Many dentists fret tirelessly, and some are quick to buy solutions in an attempt to reduce overhead. Let’s get real for a second: there are no shortcuts to reduce overhead for an already efficient practice. The efficient practice is one that uses its resources properly, budgets appropriately, and has effective logistics and communication. Unless you are truly overstaffed, spending too much on supplies, or not taking advantage of possible tax breaks, there isn’t much that will dramatically increase profit margins. However, there is still light at the end of the overhead tunnel!

The following methods address this issue, but be forewarned that they not are simple, and may be even impossible for your situation.

● Achieving economies of scale—To put this into simple terms, you are spending X dollars per month no matter what you do. These are fixed costs, like your lease. Raising volume of production minimizes the ratio of fixed costs to production. Dental practices today are achieving this by forming management groups, which is certainly a controversial topic for some. From a purely financial overhead analysis standpoint, it is quite cost effective.

● Reaching the right patients—Not all patients are equally as profitable, and their lifetime value can be assessed relatively easily. Your marketing should hone in on the customers with the highest lifetime value. Consult with a professional who has your best interests in mind and let him or her navigate your ship, but with the wheel in your hands.
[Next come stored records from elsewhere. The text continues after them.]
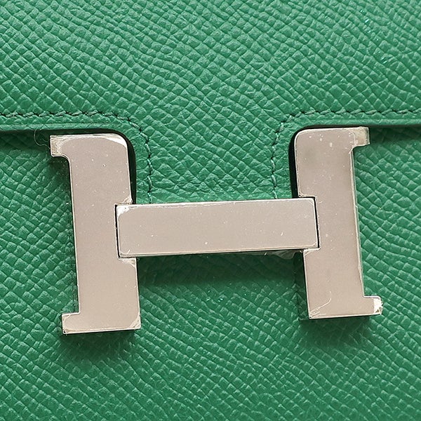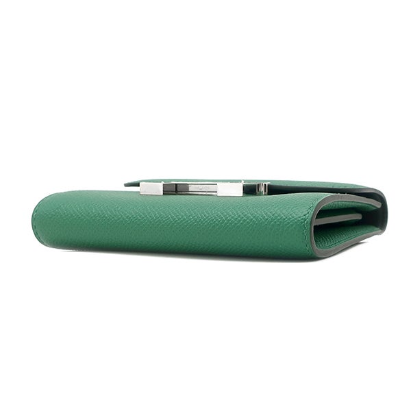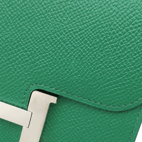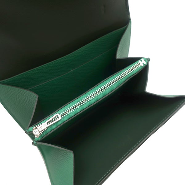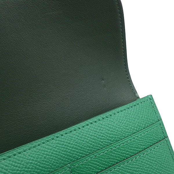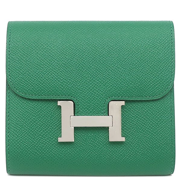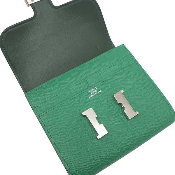 エルメス HERMES 二つ折り財布 コンスタンス コンパクト ヴォーエプソン ヴェールヴェルティゴ シルバー金具 緑 コンパクトウォレット A 【中古】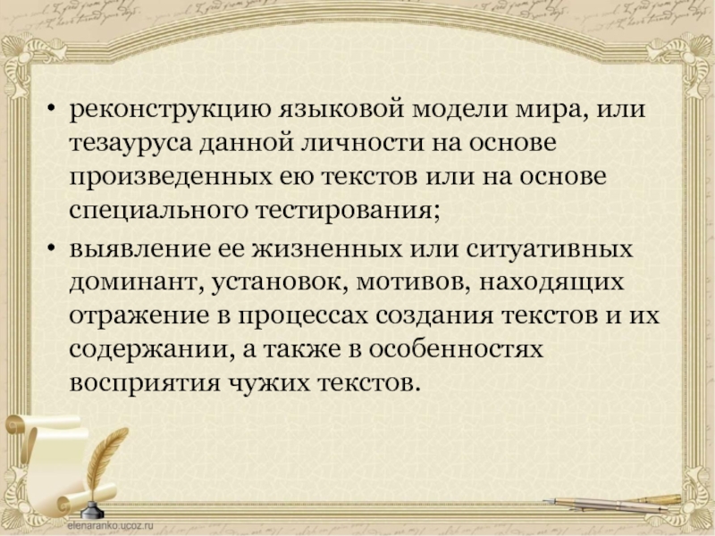 Слайд 11реконструкцию языковой модели мира, или тезауруса данной личности на основе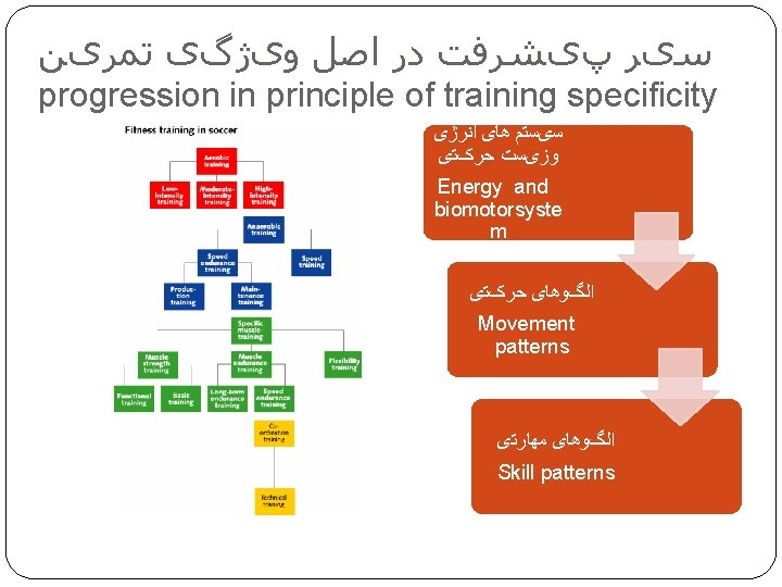 ﺍﺻﻮﻝ کﻼﺳیک ﺗﻤﺮیﻦ Classical principle of training ﺍﺿﺎﻓﻪ ﺑﺎﺭ Over load ﺑﺮگﺸﺖ پﺬیﺮی reversibility ﺗﻨﻮﻉ variety ﻭیژگی ﺗﻔﺎﻭﺗﻬﺎی ﻓﺮﺩی individuality specificity کﺎﻫﺶ ﺑﺎﺯﺩﻩ ﺍﻋﺘﺪﺍﻝ modulation Diminishing return ﻣﺸﺎﺭکﺖ ﻓﻌﺎﻝ ﺗﻮﺳﻌﻪ ﻫﻤﻪ ﺟﺎﻧﺒﻪ Active participation Multilateral development ﻓﻌﺎﻟیﺖ ﻫﺎی ﻣﻘﺪﻣﺎﺗی Preliminary activity

This will allow you to build up a high CLV and high profit margin customer portfolio based on your practice and abilities. Viola!

● When you invest, learn what you’re paying for—Here’s an example: don’t pay for a cash flow seminar that you have to spend thousands to go to. It happens all too often in the dental industry, where experts claim to have proprietary knowledge that will increase the profitability of your practice. They will throw technical terms at you, make you feel pressured, and before you know it you have a contract in front of you. As a dentist, you deal with technical terms that sound foreign to patients. But as an ethical professional, you explain these concepts to your patients. Have your marketing, accounting, or other business advisors done this for you? I don’t suggest you take it upon yourself to to perform these duties yourself, but just know what you’re paying for.

Other keys

Customer loyalty and ease of access come hand in hand. Location is a component of these two factors. However, real estate is no longer associated with tangibility. Elements such as like search engine optimization, pay per click advertising, and creating unique content are effective tactics for brand building.

Lastly, don’t lag behind in technology. This concept is simple: stay up-to-date with the latest technology, but purchase it wisely. Invest in items that increase your productivity and potential volume, not in technology that simply makes your office appear more chic.